The phylogenetic reconstruction of strains within the L. donovani complex grouped the PopA samples in a monophyletic clade that includes all the Mediterranean MON-1 strains as well as strains closely related to the MON-1 zymodeme (i.e. MON-98, MON-72) [14,40]. A large part of PopA samples has been previously characterized by k26-typing and exhibits an amplicon size of 626 bp, which is typical for the MON-1 zymodeme [9], thus further supporting the MLMT results. On the other hand, the E-R samples belonging to PopB exhibited great genetic distance from the MON-1 clade; interestingly, these samples were assigned to a distinct genetic group clearly separated from both European MON-1 and non MON-1 strains, and close to MON-24 strains from Tunisia and Algeria.

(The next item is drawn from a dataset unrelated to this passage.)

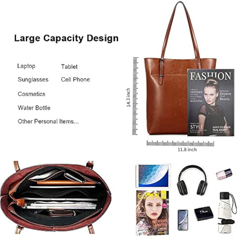Kattee Bolso de hombro del totalizador del cuero genuino de la vendimia para la mujer

Therefore, the split observed at the uppermost hierarchical level (K = 2) between canine and human samples from the E-R region corresponds to the differentiation among MON-1 and non MON-1 groups, respectively, which is consistent with previous MLMT analysis of L. infantum strains [12,14]. This finding could explain the different host-specificity exhibited by PopA and PopB. In fact, L. infantum MON-1 zymodeme and zymodemes closely related (i.e. MON-77, MON-98, MON-108) [11] could have better fitness for the canine host, while non MON-1 zymodemes have been only occasionally isolated from dogs [14] and their reservoir hosts remain unknown.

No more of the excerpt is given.